What to produce
Include the line containing "Graf 3 Regionální" and all lines before it, repeated exactly from the listing below, without pictures.

Records provided
* * * * * * * * *

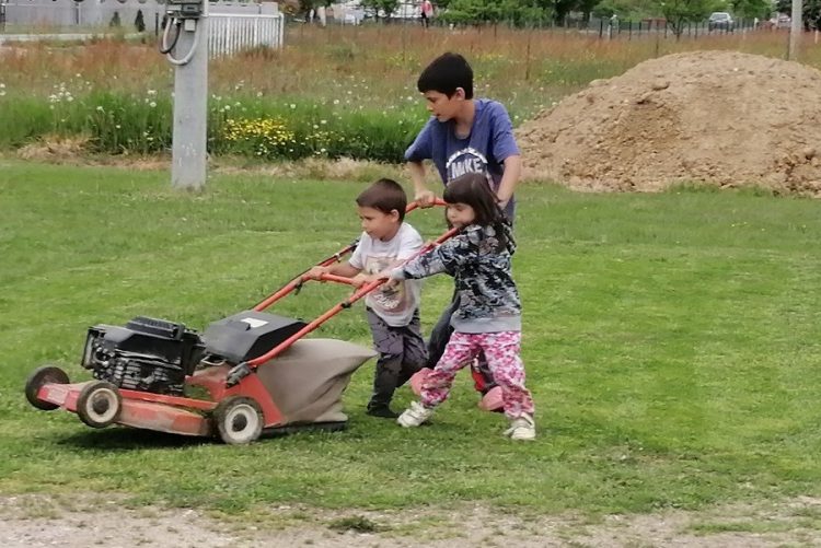 Zato su mali Misimovići opsjednuti kosilicom, mašinama, alatkama… Za njih je ovaj posao, pod nadzorom roditelja, veliki izazov kojem ne mogu odoljeti.
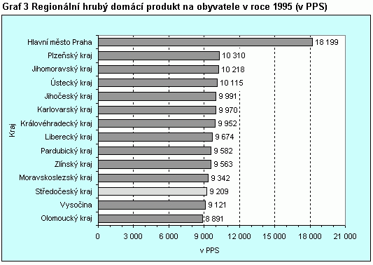 Graf 3 Regionální hrubý domácí produkt na obyvatele v roce 1995 (v PPS)
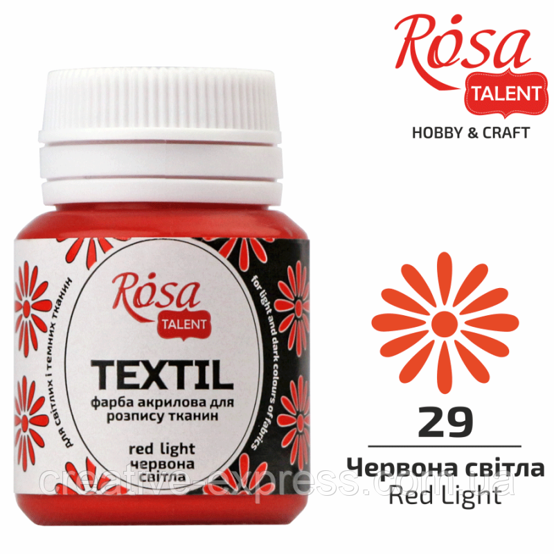 Головна Хоббі та декор Розпис по тканині та шовку Фарба акрилова для тканин, Червона світла (29), 20мл, ROSA TALENT
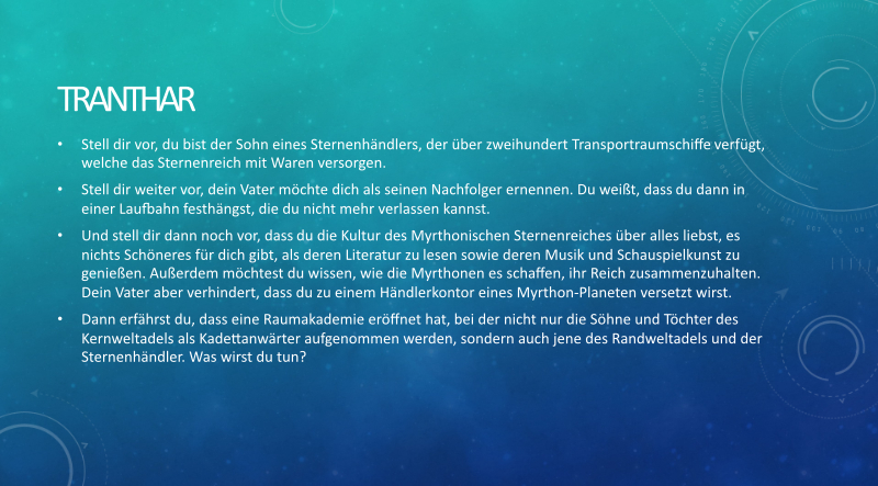 Tranthar ist ein Sternenhändler und den Prinzipien der Gilde verpflichtet. Doch schon bald bemerkt er, dass ihm große Meister der myrthonischen Musik mehr geben, als er entgegennehmen darf. Er beginnt ihre Werke zu lieben. Sein Interesse wächst. Es umfasst schließlich die gesamte Kultur, vor allem aber die Literatur. In ihm reift die Absicht, alles über das Sternenreich zu erfahren. Es reicht ihm nicht, nur mit den Adligen Verhandlungen zu führen. Er will wissen, wie die Myrthonen in den hohen Häusern leben, wie sie das Reich zusammenhalten. Er ergreift die Chance, als er von der neu gegründeten Raumakademie Paluran hört, die auch Sternenhändler als Kadetten aufnehmen. Nun ist er dort Kadettenanwärter und muss sich dem Nachwuchs von Adelsfamilien stellen, die dort ebenfalls geschult werden.
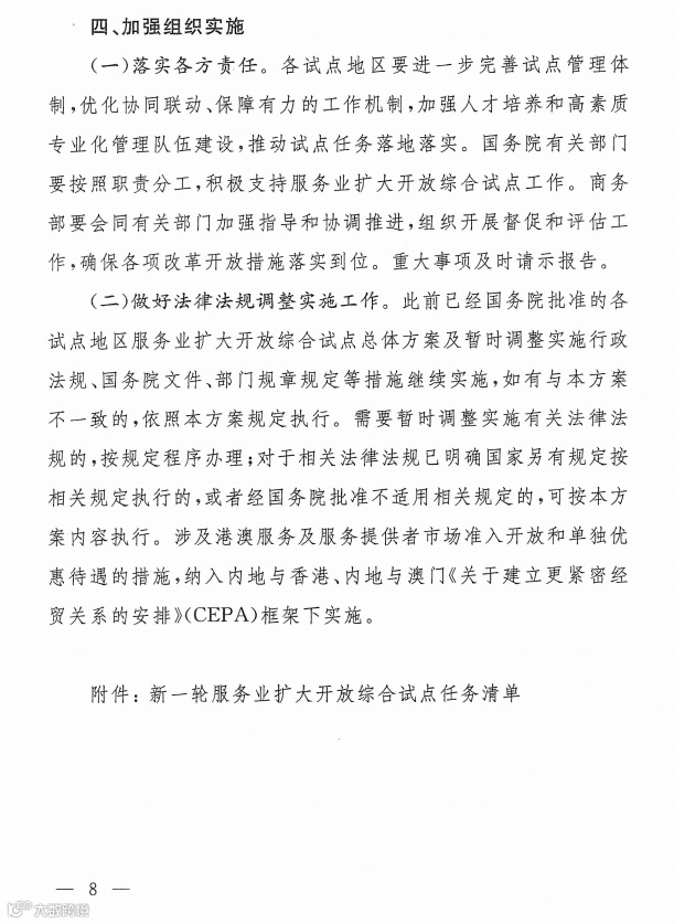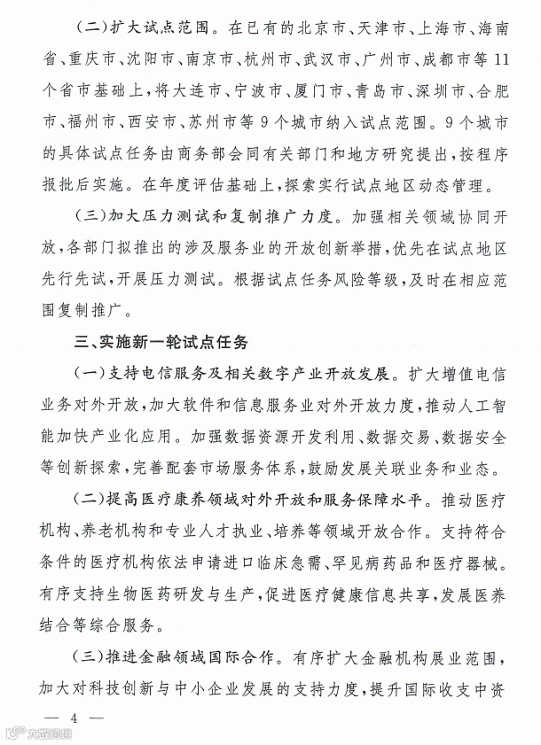 商务部印发《关于加快推进服务业扩大开放综合试点工作方案》的通知
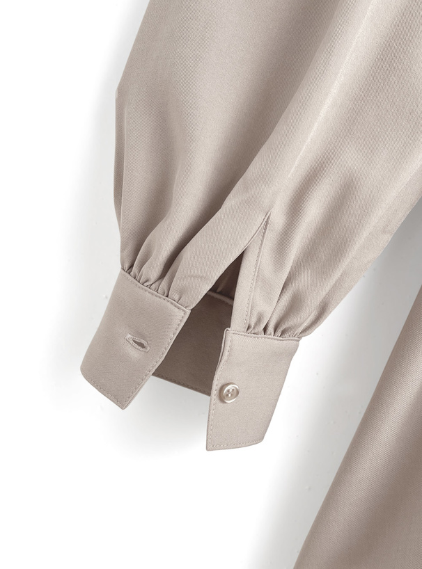 たっぷりのギャザーにショルダー部分のタックなど、立体的なシルエットにこだわったアイテム。
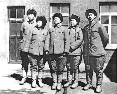 1952年3月11日部分赴朝創(chuàng)作組成員在沈陽東北軍區(qū)招待所門前合影。左起:李蕤、逯斐、巴金、菡子、黃谷柳。
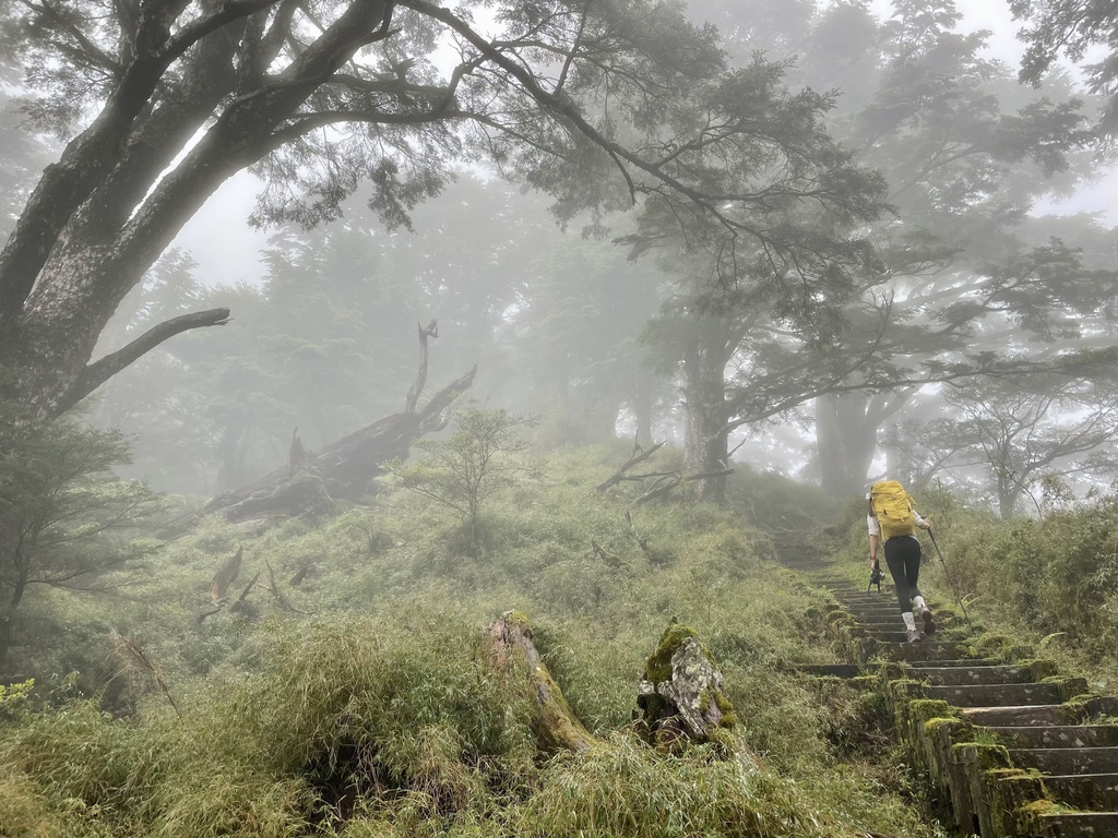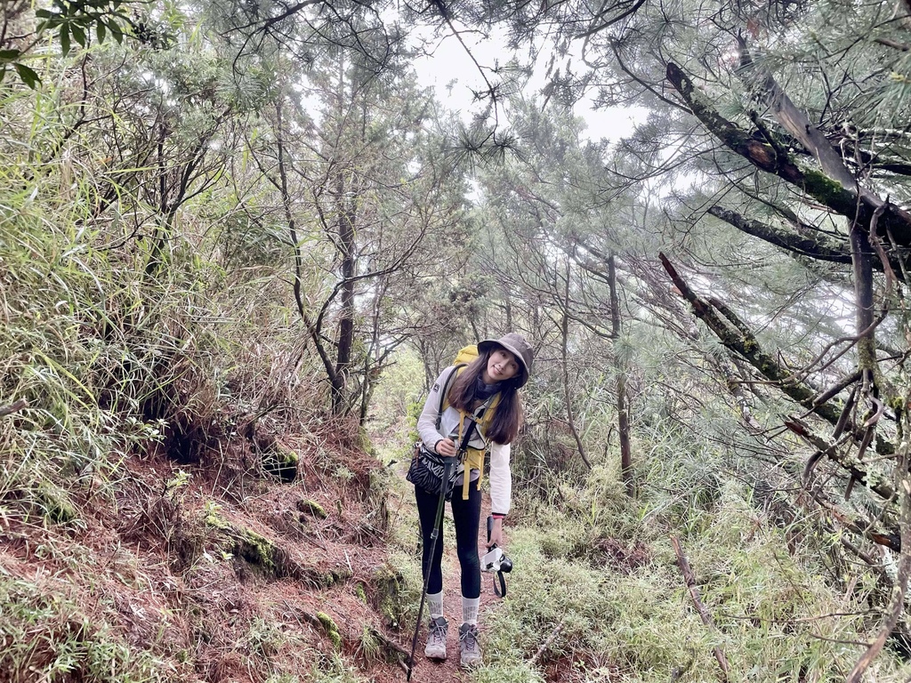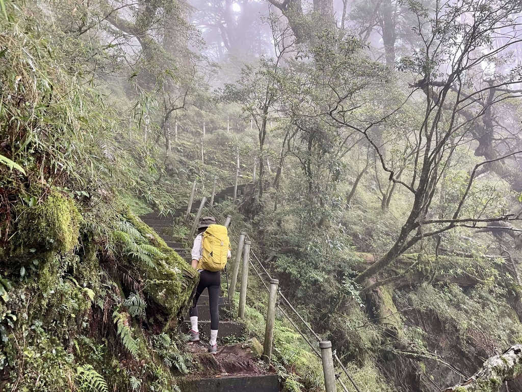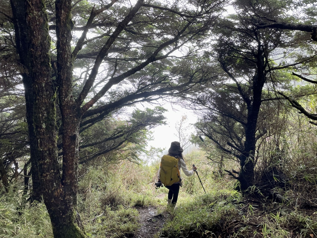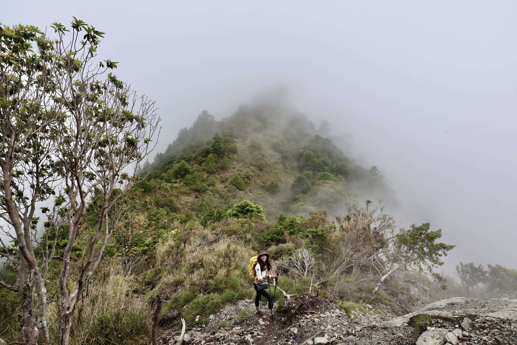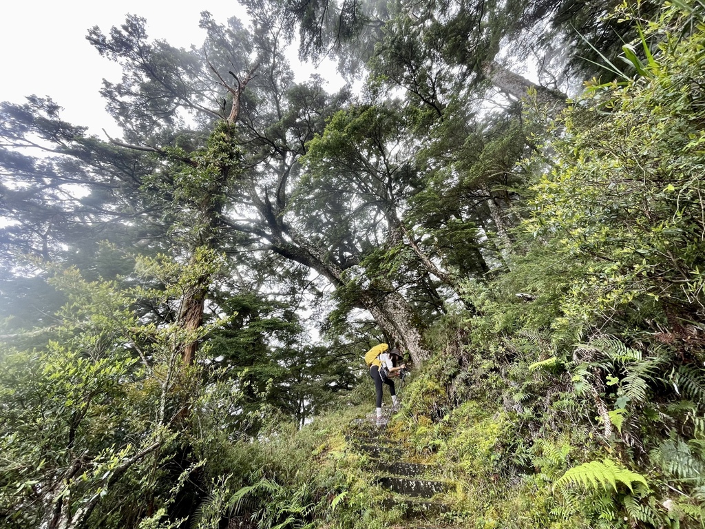 雲霧漸漸飄去,依稀可見前方的山頭,前方也正是必須翻越的山頭路線,陡上又陡下的路段,讓不少山友頻頻喘息。

* * * * * * * * *

Solution for this task
 Zato su mali Misimovići opsjednuti kosilicom, mašinama, alatkama… Za njih je ovaj posao, pod nadzorom roditelja, veliki izazov kojem ne mogu odoljeti.
 Graf 3 Regionální hrubý domácí produkt na obyvatele v roce 1995 (v PPS)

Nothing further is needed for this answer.